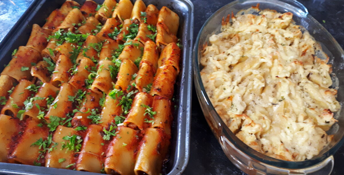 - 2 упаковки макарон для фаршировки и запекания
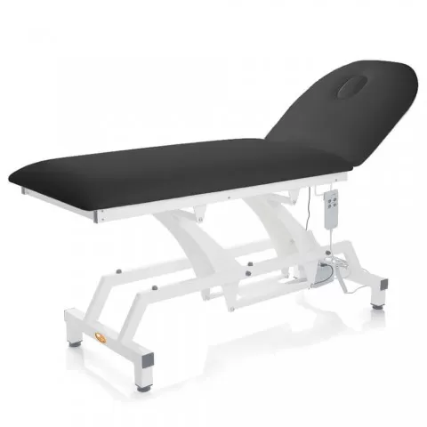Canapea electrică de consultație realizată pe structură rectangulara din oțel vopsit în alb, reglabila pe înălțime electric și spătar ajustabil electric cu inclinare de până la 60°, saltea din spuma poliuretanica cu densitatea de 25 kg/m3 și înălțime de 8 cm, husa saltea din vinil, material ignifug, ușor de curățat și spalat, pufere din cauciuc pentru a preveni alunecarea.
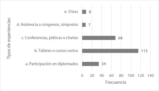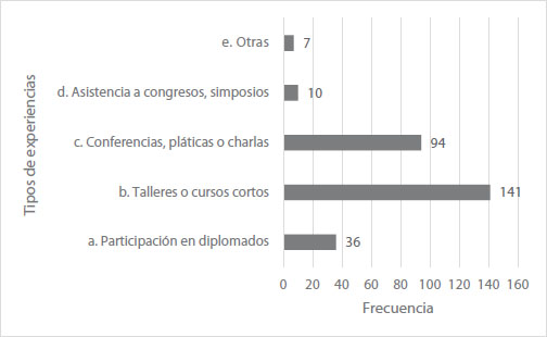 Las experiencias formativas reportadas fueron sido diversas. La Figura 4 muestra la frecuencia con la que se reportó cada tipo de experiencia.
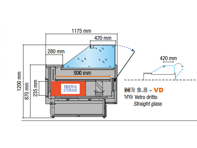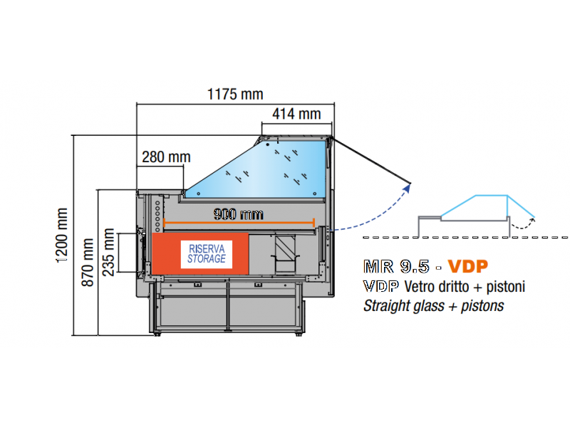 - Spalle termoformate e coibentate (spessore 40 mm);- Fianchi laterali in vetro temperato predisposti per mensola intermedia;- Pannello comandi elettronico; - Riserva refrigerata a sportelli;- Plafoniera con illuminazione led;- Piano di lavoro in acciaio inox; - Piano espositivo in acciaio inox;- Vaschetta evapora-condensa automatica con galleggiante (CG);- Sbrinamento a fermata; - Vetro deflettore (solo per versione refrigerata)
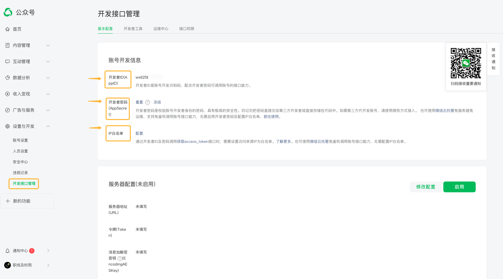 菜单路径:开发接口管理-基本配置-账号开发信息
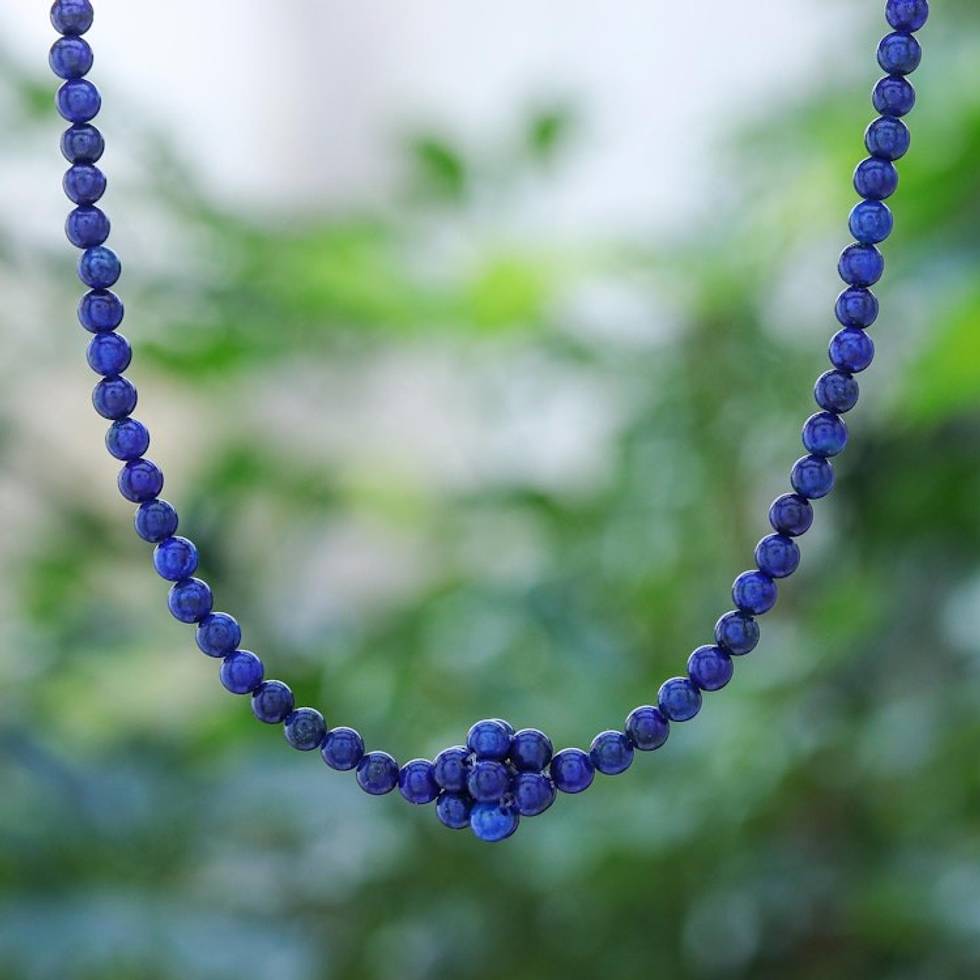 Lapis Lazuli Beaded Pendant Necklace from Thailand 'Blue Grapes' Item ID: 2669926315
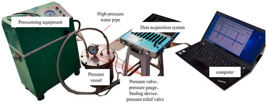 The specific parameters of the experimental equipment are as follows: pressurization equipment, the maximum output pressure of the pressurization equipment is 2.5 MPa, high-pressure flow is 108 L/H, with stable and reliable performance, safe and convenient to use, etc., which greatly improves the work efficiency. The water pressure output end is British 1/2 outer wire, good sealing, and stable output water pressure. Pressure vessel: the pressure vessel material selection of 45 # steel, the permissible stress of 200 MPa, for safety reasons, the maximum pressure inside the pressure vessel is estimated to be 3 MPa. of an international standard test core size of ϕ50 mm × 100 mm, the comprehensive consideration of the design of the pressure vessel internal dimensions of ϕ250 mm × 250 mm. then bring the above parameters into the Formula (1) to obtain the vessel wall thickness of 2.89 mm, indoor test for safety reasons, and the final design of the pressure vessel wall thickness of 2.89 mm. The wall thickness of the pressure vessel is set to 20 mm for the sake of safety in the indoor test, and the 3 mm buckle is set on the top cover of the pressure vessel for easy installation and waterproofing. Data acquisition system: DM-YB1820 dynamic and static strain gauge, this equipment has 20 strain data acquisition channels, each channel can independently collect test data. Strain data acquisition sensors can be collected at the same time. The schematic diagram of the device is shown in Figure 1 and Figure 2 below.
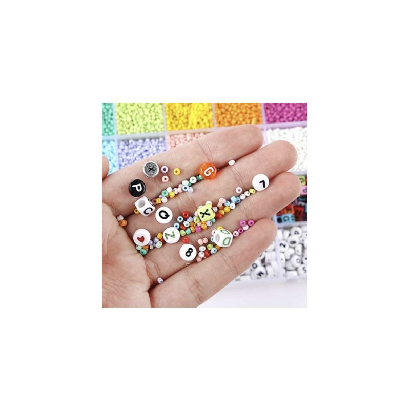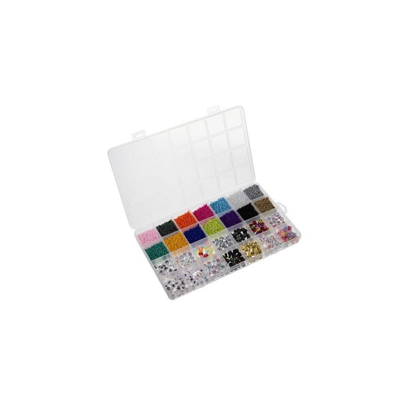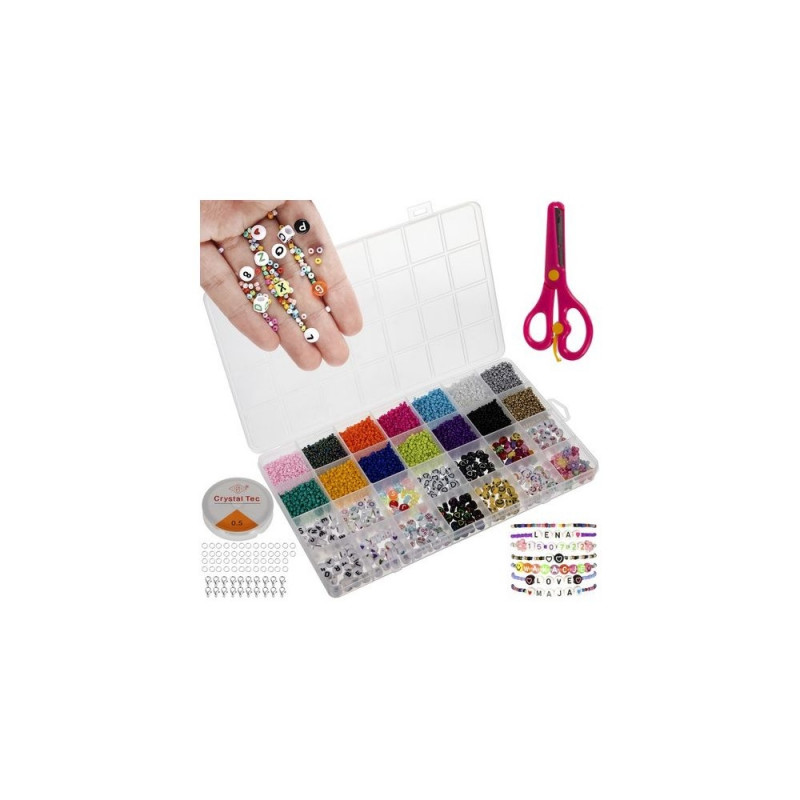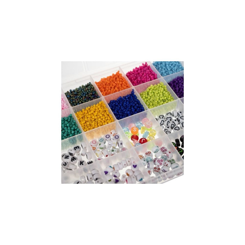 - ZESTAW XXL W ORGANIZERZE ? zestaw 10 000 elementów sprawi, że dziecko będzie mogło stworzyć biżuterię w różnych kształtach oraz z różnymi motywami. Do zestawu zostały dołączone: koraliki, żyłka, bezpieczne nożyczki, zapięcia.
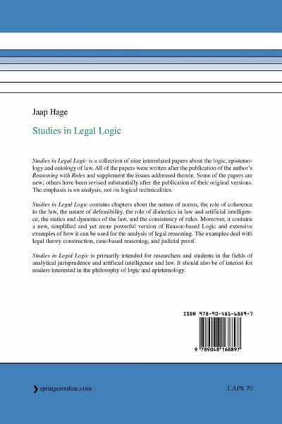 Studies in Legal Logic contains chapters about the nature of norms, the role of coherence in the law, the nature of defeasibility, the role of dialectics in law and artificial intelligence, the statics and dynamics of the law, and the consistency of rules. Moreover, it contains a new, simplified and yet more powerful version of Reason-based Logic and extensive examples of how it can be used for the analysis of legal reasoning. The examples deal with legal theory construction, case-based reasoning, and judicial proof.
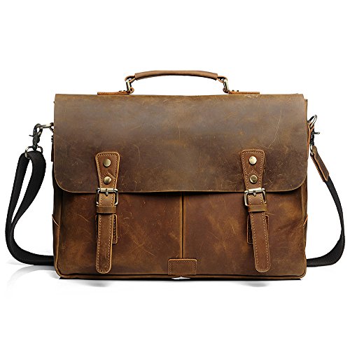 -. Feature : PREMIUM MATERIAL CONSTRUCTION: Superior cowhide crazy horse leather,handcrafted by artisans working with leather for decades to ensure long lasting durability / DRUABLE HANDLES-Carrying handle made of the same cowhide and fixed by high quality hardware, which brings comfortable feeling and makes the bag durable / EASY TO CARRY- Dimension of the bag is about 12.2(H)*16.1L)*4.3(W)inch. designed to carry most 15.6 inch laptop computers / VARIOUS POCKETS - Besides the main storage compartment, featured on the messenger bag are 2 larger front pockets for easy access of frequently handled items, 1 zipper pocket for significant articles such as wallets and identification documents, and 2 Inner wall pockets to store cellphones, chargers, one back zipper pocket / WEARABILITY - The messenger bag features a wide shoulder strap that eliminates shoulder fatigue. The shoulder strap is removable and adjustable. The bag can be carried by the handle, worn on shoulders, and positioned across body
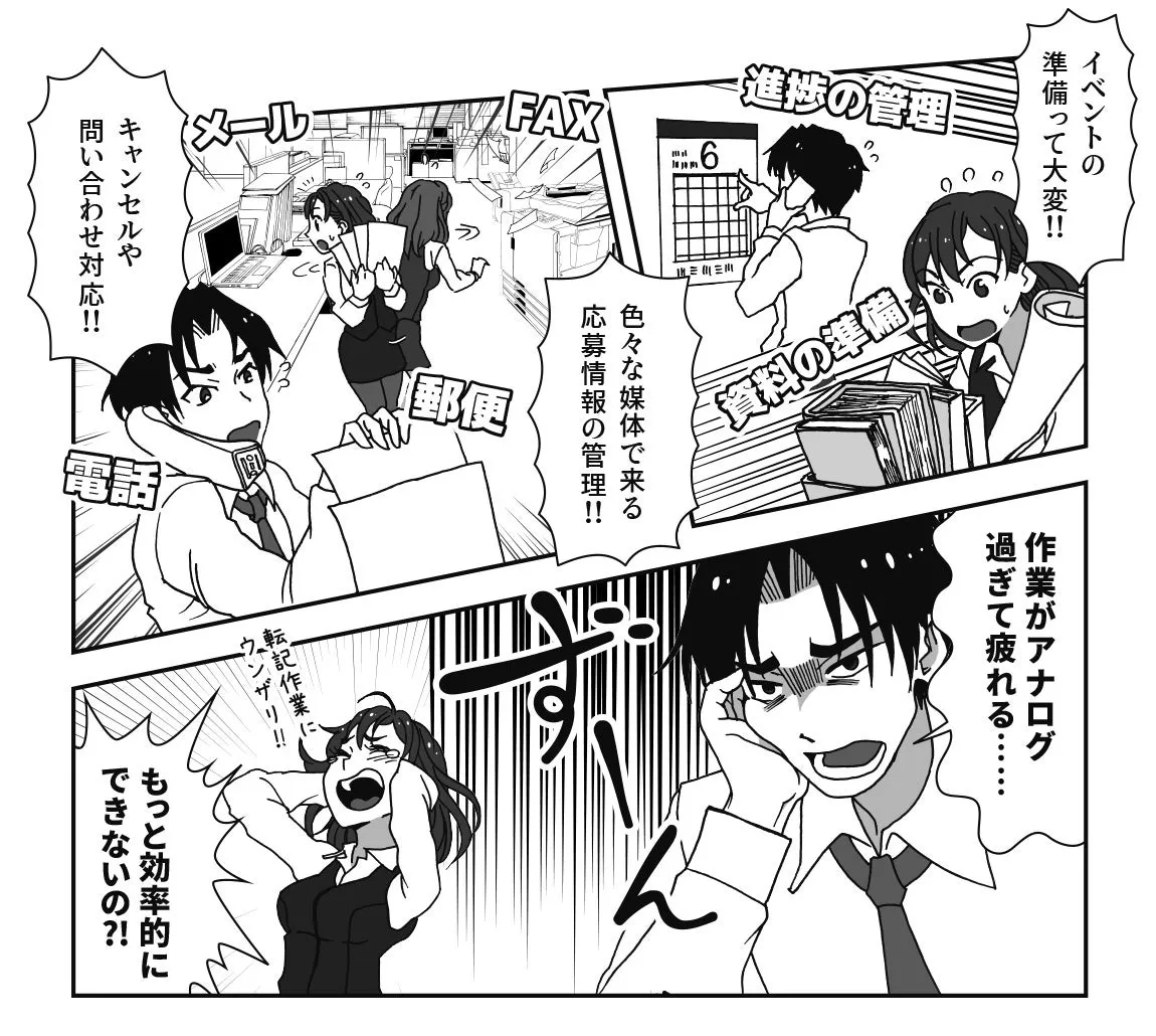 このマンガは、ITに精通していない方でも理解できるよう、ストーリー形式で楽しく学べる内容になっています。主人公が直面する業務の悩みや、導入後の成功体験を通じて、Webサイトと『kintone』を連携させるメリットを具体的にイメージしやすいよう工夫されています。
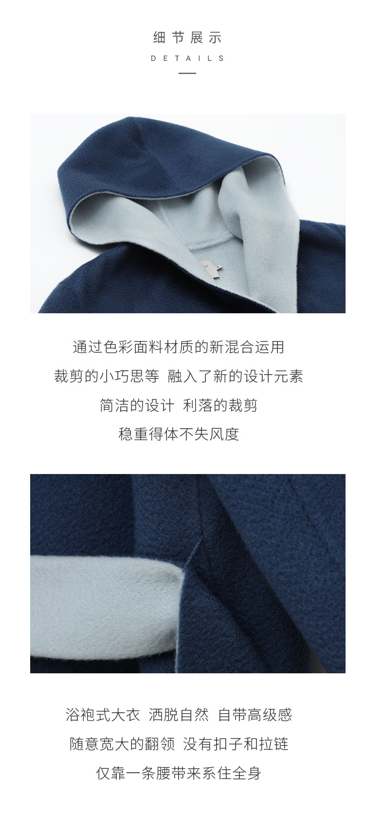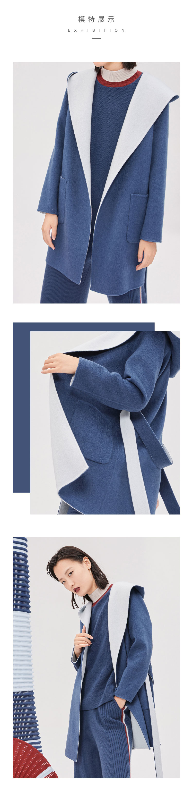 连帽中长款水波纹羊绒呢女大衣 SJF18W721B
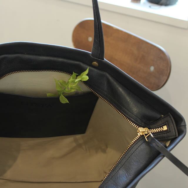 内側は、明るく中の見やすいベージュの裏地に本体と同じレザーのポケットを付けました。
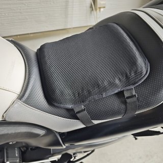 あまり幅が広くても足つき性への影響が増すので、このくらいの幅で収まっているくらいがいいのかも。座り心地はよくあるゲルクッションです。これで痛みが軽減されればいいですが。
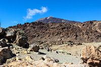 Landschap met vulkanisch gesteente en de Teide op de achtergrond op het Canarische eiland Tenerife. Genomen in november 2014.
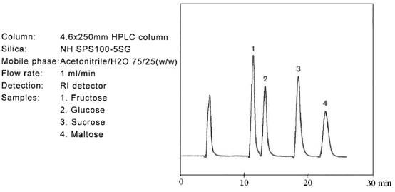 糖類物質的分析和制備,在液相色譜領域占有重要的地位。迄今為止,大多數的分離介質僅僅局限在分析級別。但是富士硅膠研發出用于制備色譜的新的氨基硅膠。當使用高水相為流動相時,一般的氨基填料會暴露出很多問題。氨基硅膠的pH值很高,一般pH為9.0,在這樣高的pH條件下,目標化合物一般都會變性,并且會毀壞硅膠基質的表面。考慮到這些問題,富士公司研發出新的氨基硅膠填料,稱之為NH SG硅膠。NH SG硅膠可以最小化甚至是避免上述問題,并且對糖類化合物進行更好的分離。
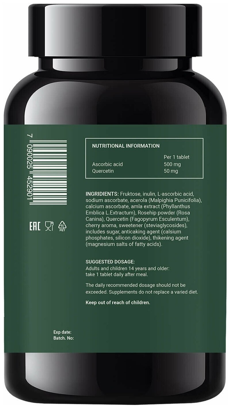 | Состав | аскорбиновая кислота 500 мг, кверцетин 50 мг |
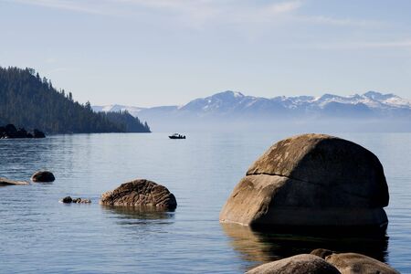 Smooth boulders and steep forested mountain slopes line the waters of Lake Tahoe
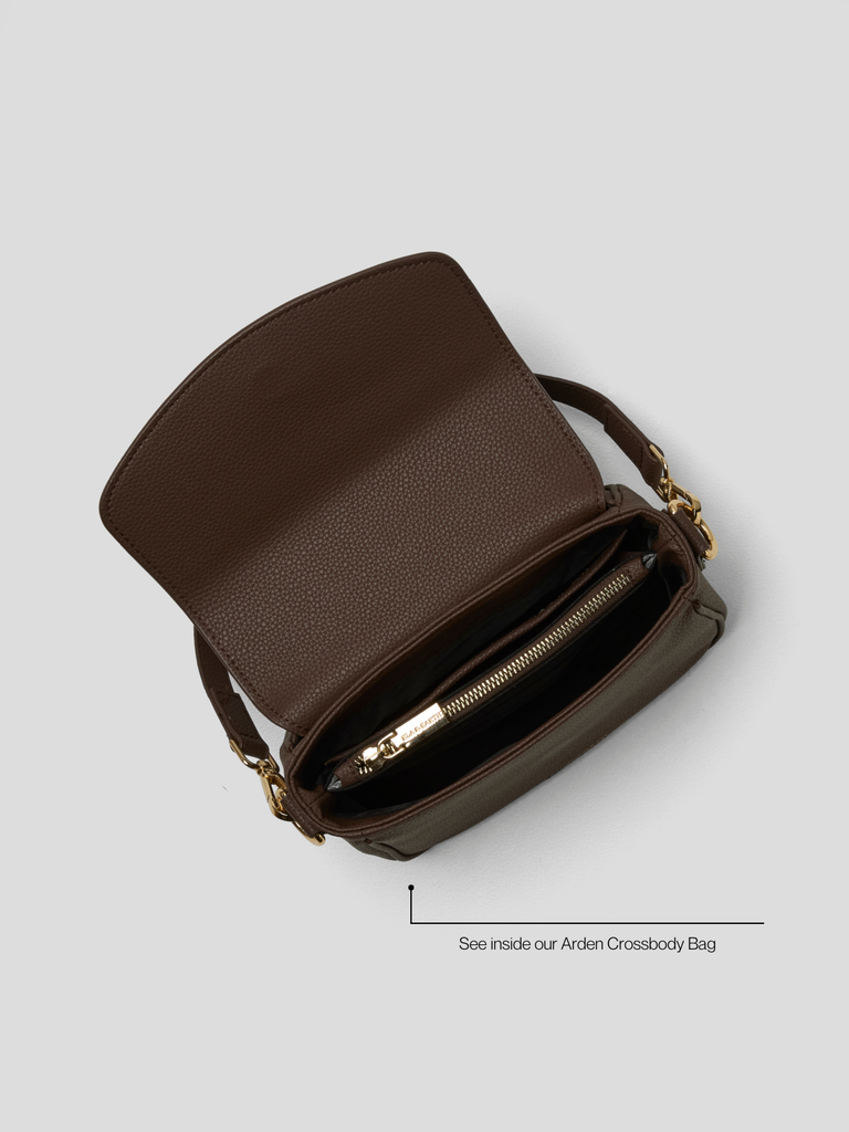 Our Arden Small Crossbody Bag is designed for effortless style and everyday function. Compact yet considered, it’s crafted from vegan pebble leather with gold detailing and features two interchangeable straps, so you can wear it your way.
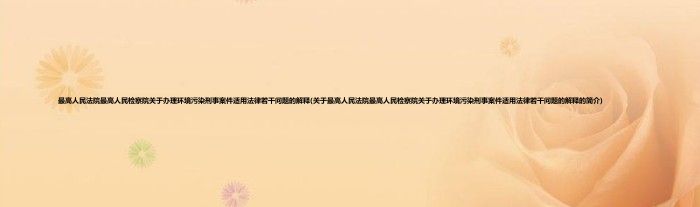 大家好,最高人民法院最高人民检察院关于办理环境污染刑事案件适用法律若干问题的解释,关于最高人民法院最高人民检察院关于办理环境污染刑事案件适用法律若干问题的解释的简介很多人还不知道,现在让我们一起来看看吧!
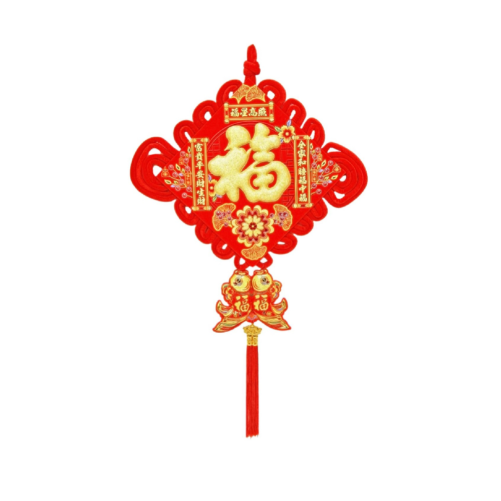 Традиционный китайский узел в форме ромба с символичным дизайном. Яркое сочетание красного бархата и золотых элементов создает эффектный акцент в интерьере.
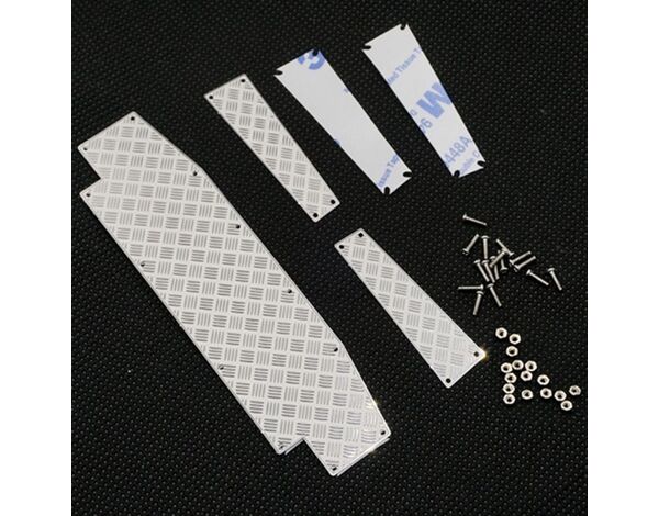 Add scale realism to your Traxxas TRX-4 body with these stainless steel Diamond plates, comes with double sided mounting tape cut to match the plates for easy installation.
============
_Activity:_ Only the lines above starting with the line with "Studies in Legal" and going on through the line with "-. Feature : PREMIUM" belong in the answer; repeat them exactly, minus any picture.

_Output:_
 Studies in Legal Logic contains chapters about the nature of norms, the role of coherence in the law, the nature of defeasibility, the role of dialectics in law and artificial intelligence, the statics and dynamics of the law, and the consistency of rules. Moreover, it contains a new, simplified and yet more powerful version of Reason-based Logic and extensive examples of how it can be used for the analysis of legal reasoning. The examples deal with legal theory construction, case-based reasoning, and judicial proof.
 -. Feature : PREMIUM MATERIAL CONSTRUCTION: Superior cowhide crazy horse leather,handcrafted by artisans working with leather for decades to ensure long lasting durability / DRUABLE HANDLES-Carrying handle made of the same cowhide and fixed by high quality hardware, which brings comfortable feeling and makes the bag durable / EASY TO CARRY- Dimension of the bag is about 12.2(H)*16.1L)*4.3(W)inch. designed to carry most 15.6 inch laptop computers / VARIOUS POCKETS - Besides the main storage compartment, featured on the messenger bag are 2 larger front pockets for easy access of frequently handled items, 1 zipper pocket for significant articles such as wallets and identification documents, and 2 Inner wall pockets to store cellphones, chargers, one back zipper pocket / WEARABILITY - The messenger bag features a wide shoulder strap that eliminates shoulder fatigue. The shoulder strap is removable and adjustable. The bag can be carried by the handle, worn on shoulders, and positioned across body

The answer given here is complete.